Provided information:

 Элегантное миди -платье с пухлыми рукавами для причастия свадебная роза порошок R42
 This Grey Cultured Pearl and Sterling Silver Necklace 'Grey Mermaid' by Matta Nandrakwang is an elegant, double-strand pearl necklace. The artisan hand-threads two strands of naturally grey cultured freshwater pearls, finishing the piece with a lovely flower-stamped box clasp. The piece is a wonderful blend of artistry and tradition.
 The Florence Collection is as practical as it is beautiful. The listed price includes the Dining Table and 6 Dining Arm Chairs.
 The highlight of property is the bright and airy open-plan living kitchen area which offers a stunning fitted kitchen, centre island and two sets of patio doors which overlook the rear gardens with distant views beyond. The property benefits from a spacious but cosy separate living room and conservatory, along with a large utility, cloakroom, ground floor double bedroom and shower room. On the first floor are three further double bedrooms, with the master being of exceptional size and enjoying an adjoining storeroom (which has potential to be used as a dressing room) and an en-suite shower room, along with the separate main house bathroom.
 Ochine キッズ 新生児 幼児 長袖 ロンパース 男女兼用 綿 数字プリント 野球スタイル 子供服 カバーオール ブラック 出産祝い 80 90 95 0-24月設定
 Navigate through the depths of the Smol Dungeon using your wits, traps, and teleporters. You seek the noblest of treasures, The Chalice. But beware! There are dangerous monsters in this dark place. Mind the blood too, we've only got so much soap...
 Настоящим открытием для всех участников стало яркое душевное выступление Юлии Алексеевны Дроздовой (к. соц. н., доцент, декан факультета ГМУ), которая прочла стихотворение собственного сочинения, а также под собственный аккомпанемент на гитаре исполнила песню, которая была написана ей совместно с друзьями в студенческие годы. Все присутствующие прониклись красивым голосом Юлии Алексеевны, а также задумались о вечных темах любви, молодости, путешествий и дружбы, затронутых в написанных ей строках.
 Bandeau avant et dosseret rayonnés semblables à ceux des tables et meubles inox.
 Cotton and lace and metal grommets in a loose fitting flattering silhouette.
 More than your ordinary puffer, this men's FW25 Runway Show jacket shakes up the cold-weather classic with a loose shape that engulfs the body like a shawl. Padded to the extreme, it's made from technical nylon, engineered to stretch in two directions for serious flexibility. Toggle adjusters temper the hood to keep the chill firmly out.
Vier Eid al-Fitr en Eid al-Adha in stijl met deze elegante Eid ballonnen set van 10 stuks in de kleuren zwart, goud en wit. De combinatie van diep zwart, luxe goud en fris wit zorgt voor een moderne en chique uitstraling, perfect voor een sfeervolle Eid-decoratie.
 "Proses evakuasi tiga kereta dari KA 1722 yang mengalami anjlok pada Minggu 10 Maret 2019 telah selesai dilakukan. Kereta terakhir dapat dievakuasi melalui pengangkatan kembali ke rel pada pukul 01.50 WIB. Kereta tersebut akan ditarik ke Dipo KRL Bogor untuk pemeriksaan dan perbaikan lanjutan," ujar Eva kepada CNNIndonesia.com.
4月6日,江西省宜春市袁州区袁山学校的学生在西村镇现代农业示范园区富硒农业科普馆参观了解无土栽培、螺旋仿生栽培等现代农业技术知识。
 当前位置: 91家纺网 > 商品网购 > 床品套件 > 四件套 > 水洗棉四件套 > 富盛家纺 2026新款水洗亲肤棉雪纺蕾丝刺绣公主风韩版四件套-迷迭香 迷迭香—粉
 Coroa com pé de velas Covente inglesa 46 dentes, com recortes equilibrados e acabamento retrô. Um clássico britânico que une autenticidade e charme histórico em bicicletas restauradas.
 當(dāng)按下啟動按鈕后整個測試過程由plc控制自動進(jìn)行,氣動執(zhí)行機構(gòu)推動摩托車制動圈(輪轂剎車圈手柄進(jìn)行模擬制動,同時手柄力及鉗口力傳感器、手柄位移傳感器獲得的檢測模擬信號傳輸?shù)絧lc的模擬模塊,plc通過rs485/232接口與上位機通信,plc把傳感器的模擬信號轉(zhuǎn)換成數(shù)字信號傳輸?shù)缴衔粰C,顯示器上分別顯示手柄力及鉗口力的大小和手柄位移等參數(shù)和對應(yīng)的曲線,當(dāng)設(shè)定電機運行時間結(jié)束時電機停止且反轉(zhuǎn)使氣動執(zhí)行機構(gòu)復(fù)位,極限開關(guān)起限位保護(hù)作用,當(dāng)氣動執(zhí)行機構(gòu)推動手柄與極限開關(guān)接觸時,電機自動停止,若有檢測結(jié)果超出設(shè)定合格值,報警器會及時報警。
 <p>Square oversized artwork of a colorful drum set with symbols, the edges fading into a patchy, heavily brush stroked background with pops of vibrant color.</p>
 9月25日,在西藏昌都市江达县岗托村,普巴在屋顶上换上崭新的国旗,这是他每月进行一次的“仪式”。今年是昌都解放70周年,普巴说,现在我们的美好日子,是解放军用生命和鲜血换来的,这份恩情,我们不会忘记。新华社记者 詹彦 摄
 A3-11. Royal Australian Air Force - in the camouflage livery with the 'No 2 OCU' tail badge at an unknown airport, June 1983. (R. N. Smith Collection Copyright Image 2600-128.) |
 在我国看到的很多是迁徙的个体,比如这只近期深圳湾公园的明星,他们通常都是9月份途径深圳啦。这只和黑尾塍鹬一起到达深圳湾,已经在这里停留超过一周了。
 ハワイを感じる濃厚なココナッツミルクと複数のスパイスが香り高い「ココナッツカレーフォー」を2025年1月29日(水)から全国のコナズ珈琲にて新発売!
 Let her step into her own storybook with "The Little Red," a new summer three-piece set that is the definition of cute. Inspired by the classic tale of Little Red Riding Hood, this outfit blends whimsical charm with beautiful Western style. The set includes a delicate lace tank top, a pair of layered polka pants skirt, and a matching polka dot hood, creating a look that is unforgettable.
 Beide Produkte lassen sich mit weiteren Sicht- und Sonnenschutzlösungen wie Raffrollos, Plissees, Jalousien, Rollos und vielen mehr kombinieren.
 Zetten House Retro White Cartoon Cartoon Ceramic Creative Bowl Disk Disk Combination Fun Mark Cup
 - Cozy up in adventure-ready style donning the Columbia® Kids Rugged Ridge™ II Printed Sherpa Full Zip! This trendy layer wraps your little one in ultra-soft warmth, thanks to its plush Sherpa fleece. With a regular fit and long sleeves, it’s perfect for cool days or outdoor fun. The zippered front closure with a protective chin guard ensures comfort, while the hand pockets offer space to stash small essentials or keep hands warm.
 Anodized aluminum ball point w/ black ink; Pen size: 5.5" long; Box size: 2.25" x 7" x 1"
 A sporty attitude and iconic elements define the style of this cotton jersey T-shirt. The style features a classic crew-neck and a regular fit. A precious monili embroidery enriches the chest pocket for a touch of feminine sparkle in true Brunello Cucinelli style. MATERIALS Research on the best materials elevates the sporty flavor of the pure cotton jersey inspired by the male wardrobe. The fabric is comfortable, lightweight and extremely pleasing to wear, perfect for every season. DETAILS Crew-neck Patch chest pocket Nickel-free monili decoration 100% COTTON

Task to complete:
Repeat exactly the lines of the material above, taking the first line, the line with "Ochine キッズ 新生児", and every line between them.

Output of the exercise:
 Элегантное миди -платье с пухлыми рукавами для причастия свадебная роза порошок R42
 This Grey Cultured Pearl and Sterling Silver Necklace 'Grey Mermaid' by Matta Nandrakwang is an elegant, double-strand pearl necklace. The artisan hand-threads two strands of naturally grey cultured freshwater pearls, finishing the piece with a lovely flower-stamped box clasp. The piece is a wonderful blend of artistry and tradition.
 The Florence Collection is as practical as it is beautiful. The listed price includes the Dining Table and 6 Dining Arm Chairs.
 The highlight of property is the bright and airy open-plan living kitchen area which offers a stunning fitted kitchen, centre island and two sets of patio doors which overlook the rear gardens with distant views beyond. The property benefits from a spacious but cosy separate living room and conservatory, along with a large utility, cloakroom, ground floor double bedroom and shower room. On the first floor are three further double bedrooms, with the master being of exceptional size and enjoying an adjoining storeroom (which has potential to be used as a dressing room) and an en-suite shower room, along with the separate main house bathroom.
 Ochine キッズ 新生児 幼児 長袖 ロンパース 男女兼用 綿 数字プリント 野球スタイル 子供服 カバーオール ブラック 出産祝い 80 90 95 0-24月設定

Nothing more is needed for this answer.